▶ Problem to work on
Everything from the "Anadolu’nun yedi bölgesinden" line to the final line of the listing should be written out exactly. Skip the pictures.

▶ Recorded information
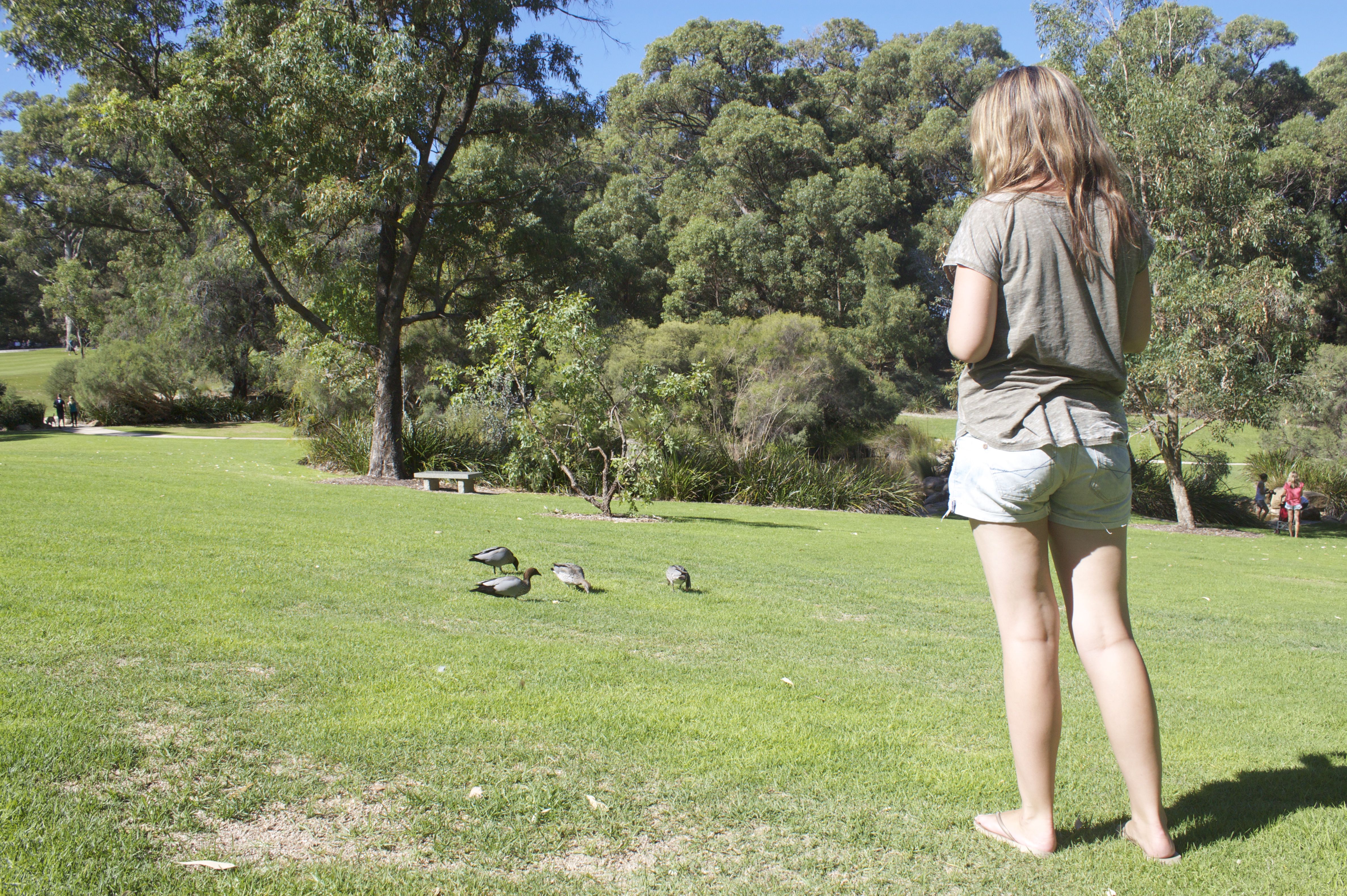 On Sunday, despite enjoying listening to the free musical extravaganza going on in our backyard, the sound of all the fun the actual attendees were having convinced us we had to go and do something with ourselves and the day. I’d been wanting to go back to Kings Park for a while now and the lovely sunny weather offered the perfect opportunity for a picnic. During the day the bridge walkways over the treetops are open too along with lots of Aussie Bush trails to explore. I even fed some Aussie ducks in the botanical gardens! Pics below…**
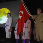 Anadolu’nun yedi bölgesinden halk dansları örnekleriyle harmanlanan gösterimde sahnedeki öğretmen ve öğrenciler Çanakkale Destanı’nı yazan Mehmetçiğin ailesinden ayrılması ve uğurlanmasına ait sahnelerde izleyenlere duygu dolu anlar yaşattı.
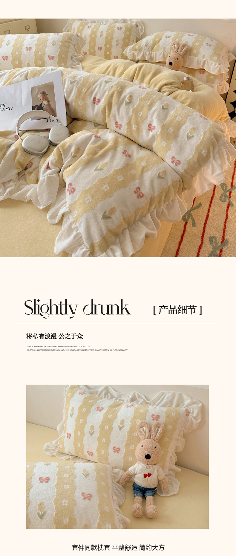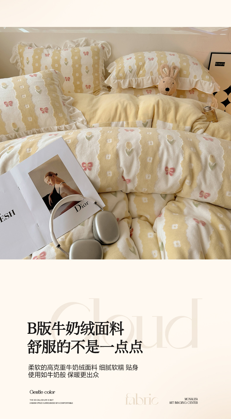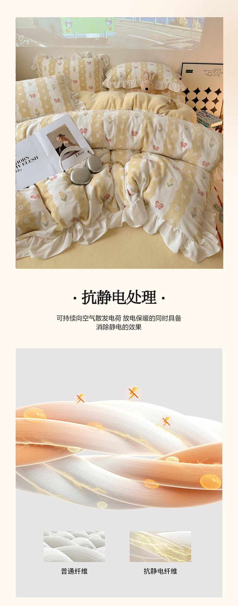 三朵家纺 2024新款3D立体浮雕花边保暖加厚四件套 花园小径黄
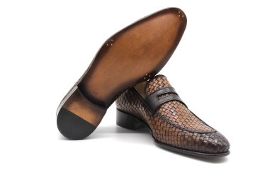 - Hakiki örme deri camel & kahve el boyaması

▶ Written solution
 Anadolu’nun yedi bölgesinden halk dansları örnekleriyle harmanlanan gösterimde sahnedeki öğretmen ve öğrenciler Çanakkale Destanı’nı yazan Mehmetçiğin ailesinden ayrılması ve uğurlanmasına ait sahnelerde izleyenlere duygu dolu anlar yaşattı.
 三朵家纺 2024新款3D立体浮雕花边保暖加厚四件套 花园小径黄
 - Hakiki örme deri camel & kahve el boyaması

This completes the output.